Your answer must be an exact copy of the lines below, from the first through the one with "美食烹饪成为了新的教学内容,《酸奶制作》", with no pictures.
Recorded information: Begin
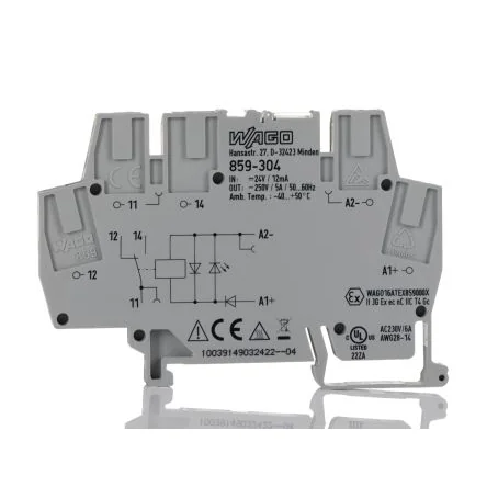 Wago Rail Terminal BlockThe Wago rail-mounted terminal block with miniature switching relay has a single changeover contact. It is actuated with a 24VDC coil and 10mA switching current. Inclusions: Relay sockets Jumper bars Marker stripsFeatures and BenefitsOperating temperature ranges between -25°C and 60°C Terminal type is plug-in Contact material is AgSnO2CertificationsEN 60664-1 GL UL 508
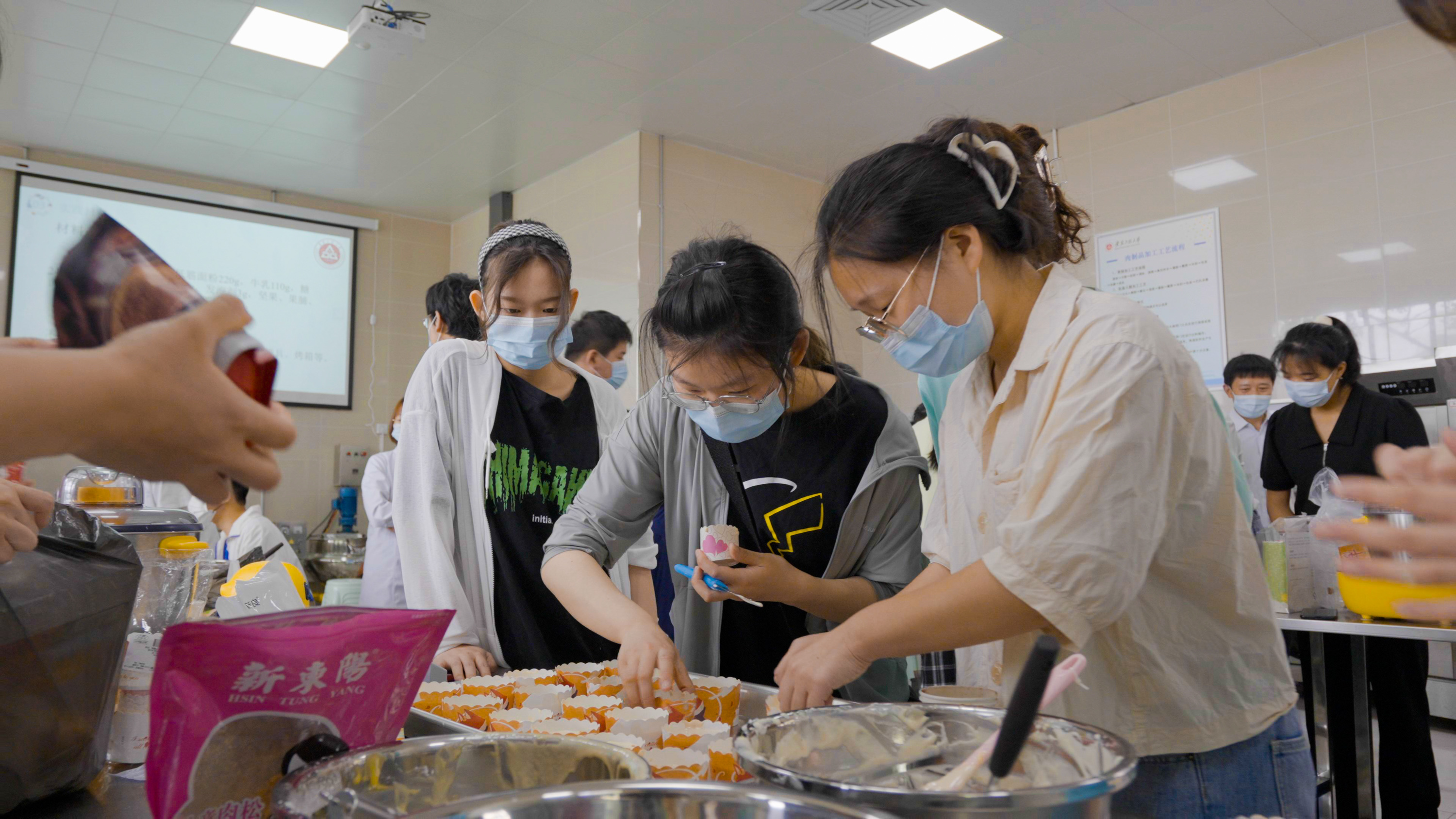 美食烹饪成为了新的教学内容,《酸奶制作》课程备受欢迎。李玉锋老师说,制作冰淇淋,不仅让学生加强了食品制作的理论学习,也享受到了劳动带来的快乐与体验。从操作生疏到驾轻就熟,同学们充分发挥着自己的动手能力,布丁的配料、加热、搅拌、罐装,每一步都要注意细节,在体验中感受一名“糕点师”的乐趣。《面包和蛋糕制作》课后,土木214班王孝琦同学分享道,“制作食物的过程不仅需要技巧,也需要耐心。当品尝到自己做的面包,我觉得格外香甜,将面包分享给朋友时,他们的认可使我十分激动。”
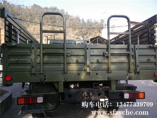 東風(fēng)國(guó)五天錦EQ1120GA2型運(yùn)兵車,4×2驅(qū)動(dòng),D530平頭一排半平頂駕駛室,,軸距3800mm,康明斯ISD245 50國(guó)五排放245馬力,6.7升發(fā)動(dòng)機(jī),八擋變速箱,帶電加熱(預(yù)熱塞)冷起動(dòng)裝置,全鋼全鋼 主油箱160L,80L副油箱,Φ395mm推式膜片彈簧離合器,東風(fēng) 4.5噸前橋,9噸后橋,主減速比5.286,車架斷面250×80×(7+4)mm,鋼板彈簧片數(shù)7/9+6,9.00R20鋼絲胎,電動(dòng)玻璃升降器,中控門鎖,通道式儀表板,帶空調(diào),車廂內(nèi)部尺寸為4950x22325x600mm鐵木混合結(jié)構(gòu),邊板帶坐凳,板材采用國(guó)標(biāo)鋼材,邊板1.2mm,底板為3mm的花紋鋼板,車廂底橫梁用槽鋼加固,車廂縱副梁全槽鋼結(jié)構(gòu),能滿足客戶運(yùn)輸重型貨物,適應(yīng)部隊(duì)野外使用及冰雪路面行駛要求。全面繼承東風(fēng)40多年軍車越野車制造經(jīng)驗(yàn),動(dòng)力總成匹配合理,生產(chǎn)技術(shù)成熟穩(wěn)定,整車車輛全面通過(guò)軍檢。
Recorded information: End
** Your response **
 Wago Rail Terminal BlockThe Wago rail-mounted terminal block with miniature switching relay has a single changeover contact. It is actuated with a 24VDC coil and 10mA switching current. Inclusions: Relay sockets Jumper bars Marker stripsFeatures and BenefitsOperating temperature ranges between -25°C and 60°C Terminal type is plug-in Contact material is AgSnO2CertificationsEN 60664-1 GL UL 508
 美食烹饪成为了新的教学内容,《酸奶制作》课程备受欢迎。李玉锋老师说,制作冰淇淋,不仅让学生加强了食品制作的理论学习,也享受到了劳动带来的快乐与体验。从操作生疏到驾轻就熟,同学们充分发挥着自己的动手能力,布丁的配料、加热、搅拌、罐装,每一步都要注意细节,在体验中感受一名“糕点师”的乐趣。《面包和蛋糕制作》课后,土木214班王孝琦同学分享道,“制作食物的过程不仅需要技巧,也需要耐心。当品尝到自己做的面包,我觉得格外香甜,将面包分享给朋友时,他们的认可使我十分激动。”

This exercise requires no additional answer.